Entries taken from a collection:
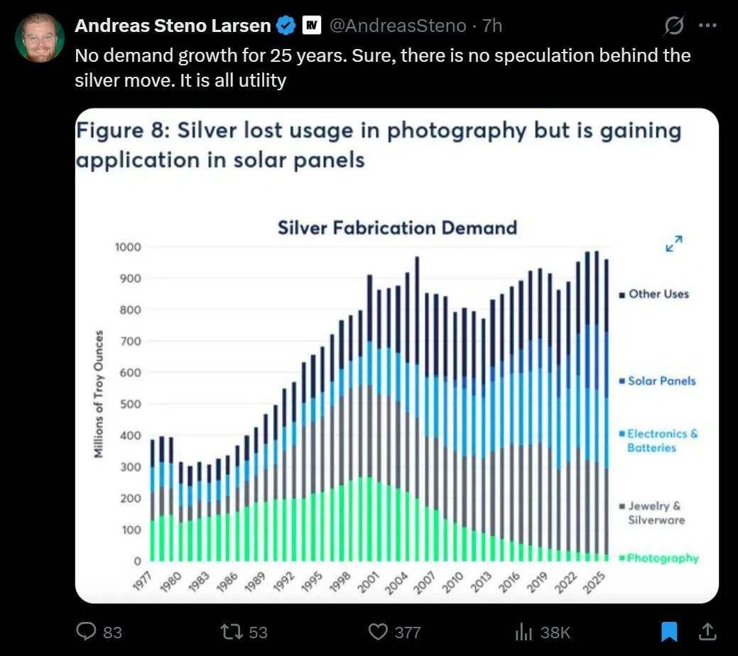 For the past 25 years, demand for silver has barely increased, and supply has not risen significantly. But everything changed with the rise of the solar energy industry. Demand for silver from the photography industry gradually disappeared, and the solar energy industry not only filled that gap but also further fueled an explosive growth in silver demand.
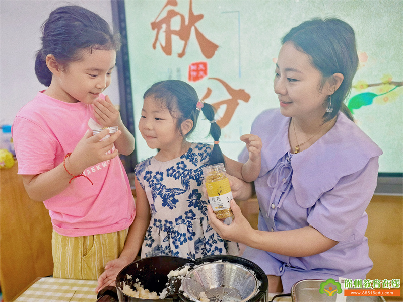 孩子们动手体验制作秋梨冻,感受到了秋分是一个美好的节气,昼夜等长,它带给我们一半温暖,一半清凉。希望大家在这个季节里能够享受生活,充实自己,感受秋天的美好!
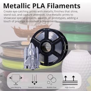 - Prestígio para projetos: adicione um toque de prestígio aos projetos e prêmios estudantis com o filamento PLA de esboço da série de cores metálicas MakerBot em prata cintilante
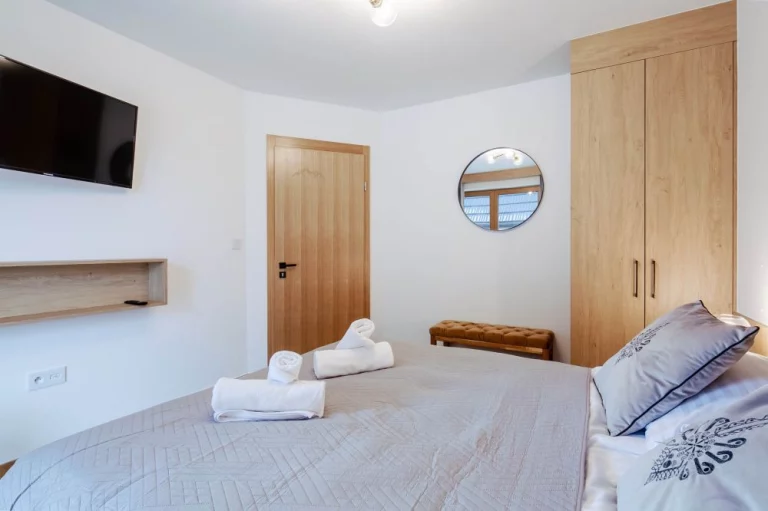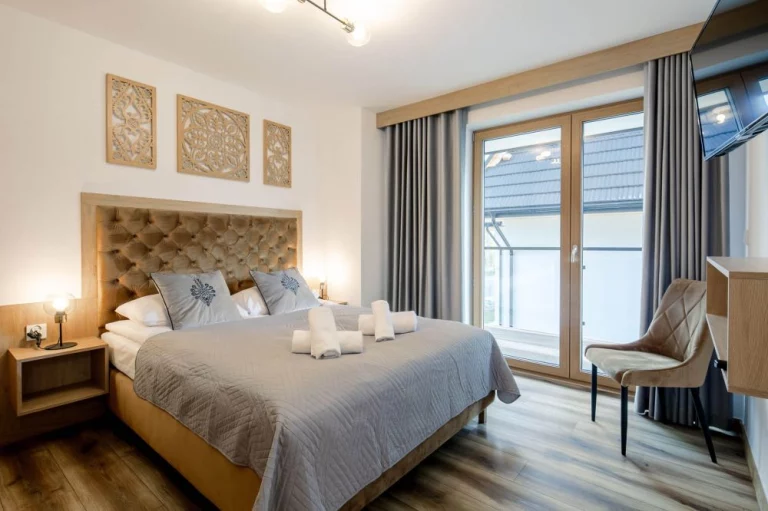 Sypialnia: łóżko małżeńskie, balkon z widokiem na Tatry, 2 szafki nocne z lampkami, szafa, pufa, przy łóżku znajdują się gniazda elektryczne
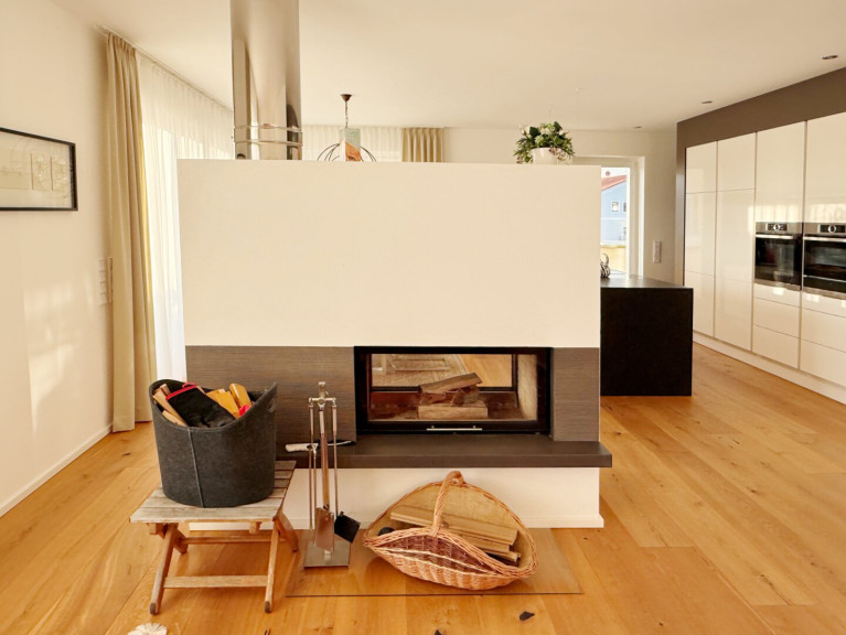 - Kaminofen mit Sichtfenstern sowohl Richtung Ess- als auch Richtung Wohnbereich
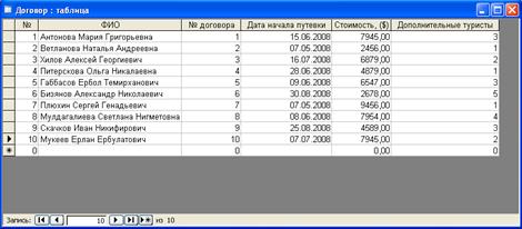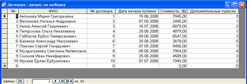 Отчет «Договора» выводит ФИО, номера договоров, стоимость, дополнительные туристы и даты начало путевки. Этот отчет ссылается на таблицу «Договора» (см. рис 47).
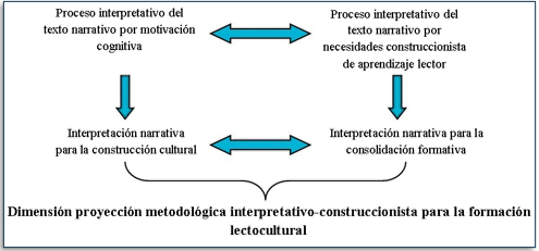 De esta manera, el profesor ha generado la disposición para elaborar y utilizar situaciones comunicativas, que se materializan en el texto que selecciona de manera práctica, para sustentar el aprendizaje y la formación integral. Es muy importante que los textos incluidos reflejen la diversidad temática, las expectativas, saberes previos y necesidades de aprendizaje de los estudiantes, al tiempo que se reconocen las perspectivas de formación, de todo lo cual emergen el Proceso interpretativo del texto narrativo para la consolidación formativa: refleja la visión cultural del estudiante, configurado con buenos modales, la expresión de actitudes, valores, hábitos y conductas que lo comprometen con la actuación social. Estos subprocesos dan cuenta de que, en esta lógica de modelación, el proceso de enseñanza-aprendizaje de la lectocomunicación se enriquece y transforma, de modo que se configura una dimensión didáctico-metodológica, expresión del proceso que en el tiempo se transforma declarada como la Dimensión proyección metodológica interpretativo-construccionista para la formación lectocultural del futuro Licenciado de la carrera Gestión sociocultural para el desarrollo. La lógica, anteriormente explicada, queda representada gráficamente de la manera siguiente

→ **HOW TO COMPLETE THIS TASK**
Look above for the line with "- Prestígio para", then give again exactly every line from there through the line with "- Kaminofen mit", skipping the pictures.

→ **FINAL ANSWER**
 - Prestígio para projetos: adicione um toque de prestígio aos projetos e prêmios estudantis com o filamento PLA de esboço da série de cores metálicas MakerBot em prata cintilante
 Sypialnia: łóżko małżeńskie, balkon z widokiem na Tatry, 2 szafki nocne z lampkami, szafa, pufa, przy łóżku znajdują się gniazda elektryczne
 - Kaminofen mit Sichtfenstern sowohl Richtung Ess- als auch Richtung Wohnbereich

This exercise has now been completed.